Flat Minima and Generalization: from Matrix Sensing to Neural Networks
Maryam Fazel, University of Washington
When do overparameterized neural networks avoid overfitting and generalize to unseen data? Empirical evidence suggests that the shape of the training loss function near the solution matters—the minima where the loss is “flatter” tend to lead to better generalization. Yet quantifying flatness and its rigorous analysis, even in simple models, has been limited. In this talk, we examine overparameterized nonconvex models such as low-rank matrix sensing, matrix completion, robust PCA, as well as a 2-layer neural network as test cases. We show that under standard statistical assumptions, "flat" minima (minima with the smallest local average curvature, measured by the trace of the Hessian matrix) provably generalize in all these cases. These algorithm-agnostic results suggest a theoretical basis for favoring methods that bias iterates towards flat solutions, and help inform the design of better training algorithms.
Hunting the Hessian
Madeleine Udell, Stanford University
Ill conditioned loss landscapes are ubiquitous in machine learning, and they slow down optimization. Preconditioning the gradient to make the loss more isotropic is a natural solution, but is challenging for extremely large problems, as direct access to the problem Hessian is prohibitively expensive. We present two fresh approaches to preconditioning using tools from randomized numerical linear algebra and online convex optimization for efficient access to Hessian information, motivated by the question: what is the most useful information we can query from the problem Hessian using linear memory and compute?
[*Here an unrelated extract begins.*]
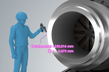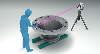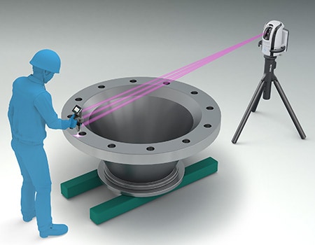 Es ist schwierig, große Ventile zur Überbrückung von 3D-Koordinatenmessgeräten zu transportieren. Daher werden Messungen am Bearbeitungsort mit Handmessmitteln wie Messschiebern und Mikrometerschrauben durchgeführt. Allerdings ist es mit diesen Handmessmitteln nicht möglich, Maße und Winkel in 3D oder Maße, die virtuelle Linien erfordern, zu messen.
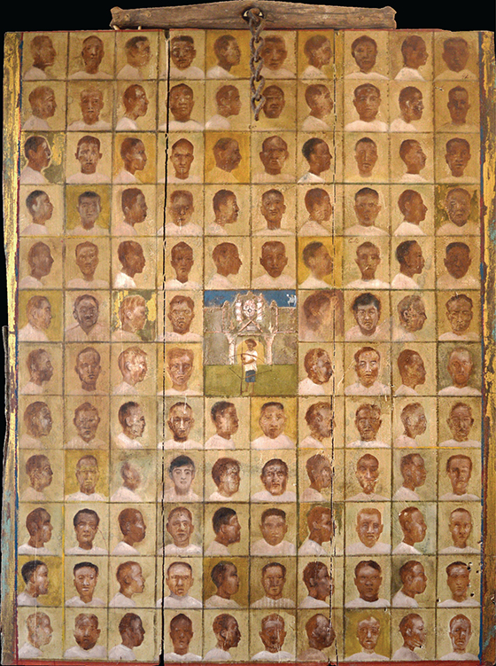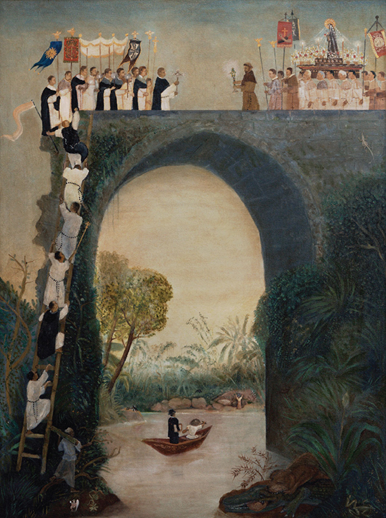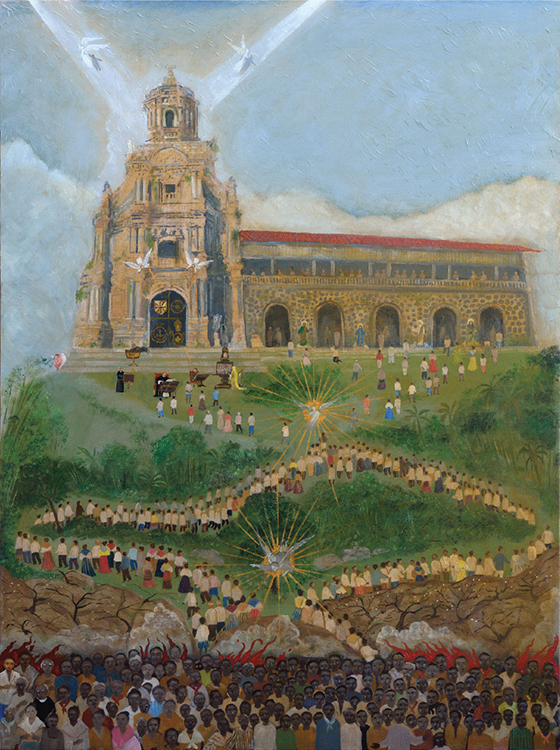 The historic church of San Jeronimo in Morong built by the Franciscans in the 17th century represents the gateway to Heaven in this HOCUS painting. Filipino natives are seen milling around the esplanade of this imposing Church; the ecclesiastical symbols of the major religious orders are emblazoned on its portal, each represented by a friar, seated in front, preoccupied with a census dramatically called the Libro de Almas (Book of Souls), containing the names of”enrolled souls’:

Accelerating Nonconvex Optimization via Online Learning
Aryan Mokhtari, UT Austin
A fundamental problem in optimization is finding an ε-first-order stationary point of a smooth function using only gradient information. The best-known gradient query complexity for this task, assuming both the gradient and Hessian of the objective function are Lipschitz continuous, is O( ε^(−7/4) ). In this talk, I present a method with a gradient complexity of O( d^(1/4) ε^(−13/8) ), where d is the problem dimension—yielding improved complexity when d = O( ε^(−1/2) ). The proposed method builds on quasi-Newton ideas and operates by solving two online learning problems under the hood.
The Binary Iterative Hard Thresholding Algorithm
Arya Mazumdar, TILOS & UC San Diego
We will discuss our work on the convergence of iterative hard threshold algorithms for sparse signal recovery problems. For classification problems with nonseparable data this algorithm can be thought of minimizing the so-called ReLU loss. It seems to be very effective (statistically optimal, simple iterative method) for a large class of models of nonseparable data—sparse generalized linear models. It is also robust to adversarial perturbation. Based on joint work with Namiko Matsumoto.
Reverse diffusion Monte Carlo
Yian Ma, TILOS & UC San Diego
I will introduce a novel Monte Carlo sampling approach that uses the reverse diffusion process. In particular, the intermediary updates—the score functions—can be explicitly estimated to arbitrary accuracy, leading to an unbiased Bayesian inference algorithm. I will then discuss how to use this idea to improve sampling in the diffusion models via reverse transition kernels.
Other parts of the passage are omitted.